И меня обуял нестерпимый ужас перед отречением от мира, ибо страшился я собственной суетности и слабодушия, и больше всего хотелось мне жить, как жил я прежде. Но потом я сказал себе: «Сравни невеликие беды и лишения отшельника, стерпеть которые, как ты думаешь, для тебя нет возможности, с теми страданиями, что выпадают на долю того, кто погружен в заботы мирской жизни! Ведь счастье в этом бренном мире кончается горем, а наслаждение сопряжено со страданием и грустью. Жизнь наша подобна соленой влаге моря — чем больше пьешь ее, тем сильнее чувствуешь жажду. Она словно острая кость, от которой пахнет мясом, но пес, подобравший эту кость, не насытится, а лишь раздерет себе пасть ее краями.
Человека, получившего малую толику земных благ, можно уподобить коршуну, которому достался кусок мяса. Но только намеревается он отобедать, как над его головой собираются огромные хищные птицы. Они вьются над ним и кружатся над его головой, так что он, утомившись и отчаявшись, бросает свою добычу.
Наш мир подобен кувшину, полному душистого меда, а на дне его — смертельная отрава. Вкушают люди скоротечную сладость, но ждет их верная гибель. Этот мир похож на сонные грезы, дарящие радость, но едва спящий проснется, овладевают им тяжкие заботы. Наша жизнь — словно молния: сверкнула во мраке, озарила робкого путника, но вот потух ее свет, и человек остался во власти темной ночи. Люди в тенетах жизни, как шелковичные черви, ткут себе мягкие темницы. И чем толще кокон, тем труднее спастись и выбраться наружу».
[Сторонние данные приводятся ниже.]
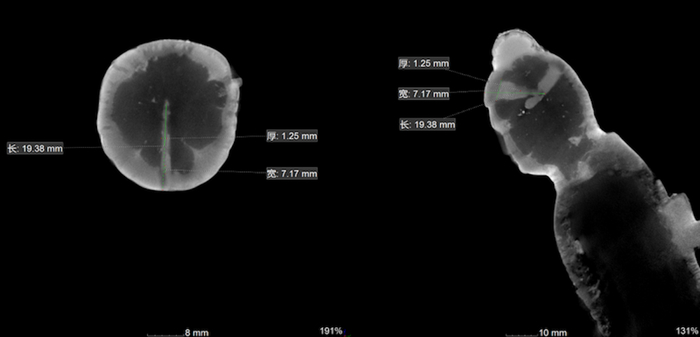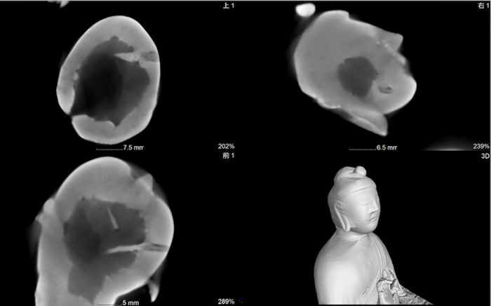 但这3件CT的检测结果与前3件又有不同之处——即佛像头部均为实心。

И я во власти этих мыслей снова решил отречься от мира и трепетал от желания осуществить свое намерение, но тут же принялся упрекать и порицать себя за непостоянство и нерешительность, ибо никак не мог остановиться ни на одном решении, словно судья, о котором рассказывают такую притчу:
Однажды судья выслушал слова одного из тяжущихся и, сочтя их правыми, приговорил к наказанию его обидчика, но когда явился второй тяжущийся и стал оправдываться, судья отменил свой приговор и велел наказать первого.
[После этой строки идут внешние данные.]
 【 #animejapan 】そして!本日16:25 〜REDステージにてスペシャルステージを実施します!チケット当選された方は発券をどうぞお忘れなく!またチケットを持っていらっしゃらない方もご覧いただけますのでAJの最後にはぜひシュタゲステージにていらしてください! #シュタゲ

Я сказал себе: «Не подобает достойному мужу помышлять об отречении от мира всякий раз, как столкнется он с жестокостью и неразумием жизни. И не следует прельщаться радостями и наслаждениями бренного мира, вспомнив о тяжкой доле отшельника и аскета». И вновь стал я размышлять о том, смогу ли я вынести все тяготы благочестивой жизни, и подумал: «Как ничтожны эти лишения по сравнению с вечным блаженством и покоем!» Потом стал я перебирать в уме все удовольствия и наслаждения, что есть на свете, и воскликнул: «Как вредоносны эти обольщения плоти, ибо их последствия — горечь и боль, и ведут они к ужасам вечных мук! Не лучше ли вкусить горечь, за которой следует долгая сладость, чем отведать сладость, за коей следует вечная горечь? Предложи человеку, чтобы сто лет подряд отсекали от него по куску и назавтра этот кусок снова прирастал бы к телу, и отрезали новый, и он согласится на это, если ему пообещают, что когда пройдет ровно сто лет, все его мучения кончатся и наступят для него мир и вечная радость. И прав будет он, коль сочтет эти сто лет ничтожным сроком! Неужто нельзя прожить краткий миг человеческой жизни в отречении от мирских вожделений? Потерпи немного — и дождешься великого блага!
Ведомо нам, что жизнь на этом свете — вечные терзания и муки, и человек обречен барахтаться в них со дня зачатия до самой смерти. Кто изучал книги по искусству врачевания, знает, что когда мужское семя, несущее в себе человеческий зародыш, попадает в материнскую утробу, оно смешивается с женским семенем, густеет и перестает быть жидким, ибо бродит и зреет, словно молоко, и образуется плод, в коем возникает тело младенца. Если дитя мужского пола, то помещается оно лицом к спине матери, а если женского пола — то лицом к ее животу. Руки зародыша притиснуты к бокам, подбородок прижат к коленям, со всех сторон окутан он оболочкой, будто завязан в узел. Все тело его стиснуто, дышит он с трудом, давят на него горячие внутренности, полные крови и нечистот, словно цепью прикован он пуповиной к тесной своей темнице, а едой и питьем служат ему процеженные остатки материнской пищи.